Project outcomes: Key takeaways

What didn’t work, and potential developments

Multinomial Naive Bayes, Random Forest Classifier, and K Nearest Neighbours models showed very poor performance.

For the sklearn models, we only tried spacy and TF-IDF vectorizers. Of the two, TF-IDF produced the best results. Perhaps another vectorizer would have been more effective? Previous work has shown that using pretrained embeddings generally performs poorly on this type of text due to its specialised vocabulary. However, it would have been interesting to also use some other type of vectorizer on the text - perhaps using the custom embeddings generated by the first few layers of the Distilbert model.

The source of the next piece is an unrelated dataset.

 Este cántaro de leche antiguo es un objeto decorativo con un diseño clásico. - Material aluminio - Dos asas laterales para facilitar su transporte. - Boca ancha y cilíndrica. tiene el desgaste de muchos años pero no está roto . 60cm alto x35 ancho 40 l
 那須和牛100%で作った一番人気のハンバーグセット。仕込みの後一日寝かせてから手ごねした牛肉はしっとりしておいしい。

We only tried the Distilbert pretrained model, one of the smallest LLMs, due to lack of hardware resources. Perhaps another transformer model would be more effective? There have been big developments in LLMs in recent months, it would be worth trying Llama2 for example. In future iterations of this project, more resources should be committed to the hardware aspects - we need a VM ideally with a GPU, if we want to utilise these exciting new technologies.

Other things that we tried, which did not make it into the final productionized version of the model:

Other things to try in future

  • Andreas, who worked on phase 1 of the project, shared this paper with us - would be worth dedicating a couple of weeks to, to see if it works! https://aclanthology.org/2023.findings-acl.426/

  • Reinforcement learning: it would be cool if users of the dashboard could correct the labels given by the model - and this information is fed back into the model to retrain it!

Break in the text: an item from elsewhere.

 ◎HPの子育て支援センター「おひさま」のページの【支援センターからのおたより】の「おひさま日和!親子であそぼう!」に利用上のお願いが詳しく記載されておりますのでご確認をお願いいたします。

  • Few shot approaches: We have been using the framework developed by NHS England - but what if trusts want to use their own frameworks? We could create a pipeline to enable trusts to provide their own framework and examples for each category, and train models in this way?

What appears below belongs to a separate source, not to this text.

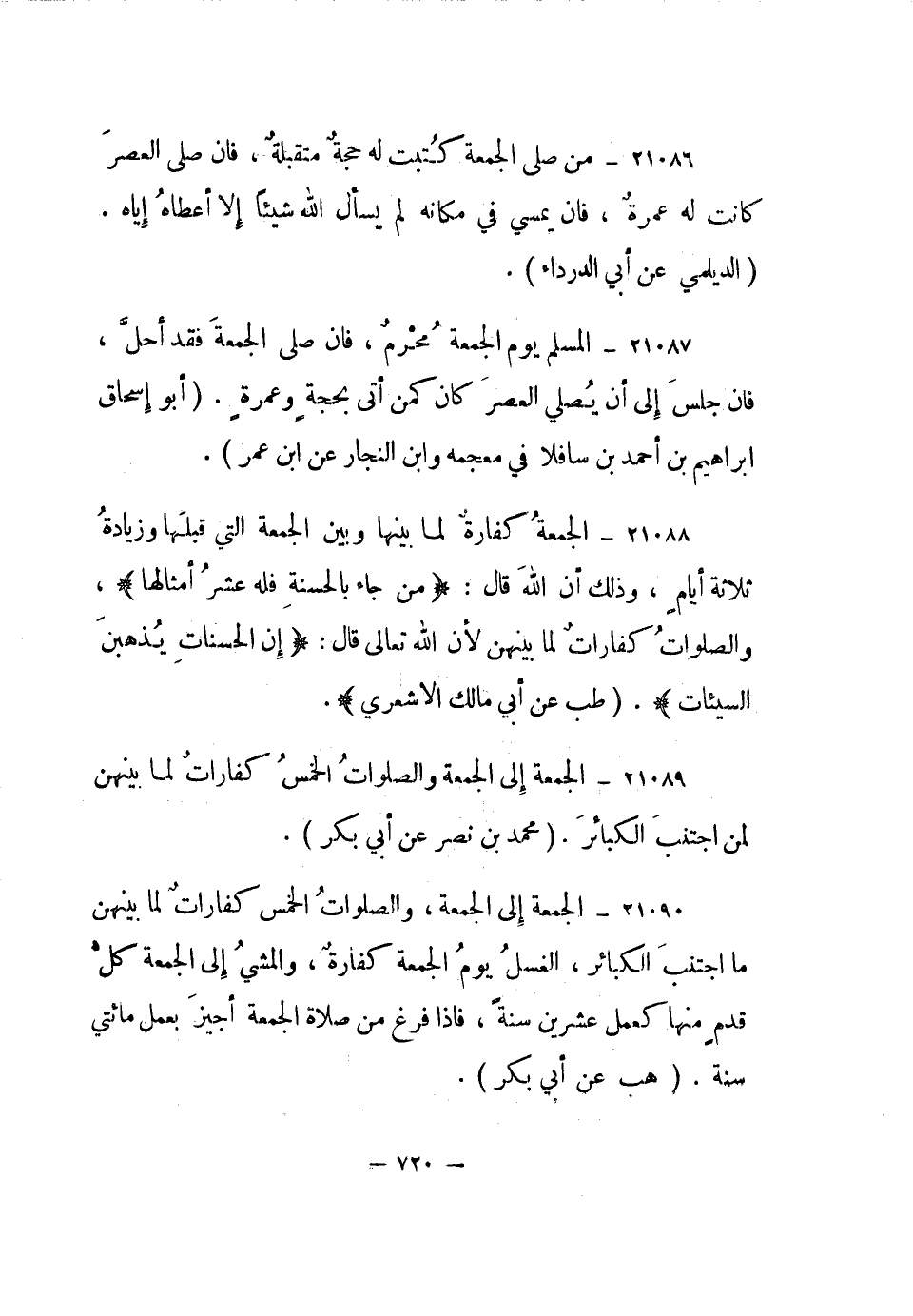 21089- الجمعة إلى الجمعة والصلوات الخمس كفارات لما بينهن لمن اجتنب الكبائر. "محمد بن نصر عن أبي بكر".

  • Model interpretability: I think we should use SHAP to highlight which words contributed most to the labels given to a text, to help people understand how the models work.

  • More nuanced approach to sentiment and labelling: One of the issues that we had was the fact that we treated very long comments in exactly the same way as very short comments. So comments with mixed sentiment (e.g. “the nurse was very nice! Toilets were disgusting”) just came out as “neutral / mixed”, thus belonging to the same category as a truly neutral comment like “everything ok”. We should ideally explore some way of splitting sentences perhaps, or highlighting exactly which elements in a sentence are positive/negative in sentiment, and perhaps linking this with the multilabel categories.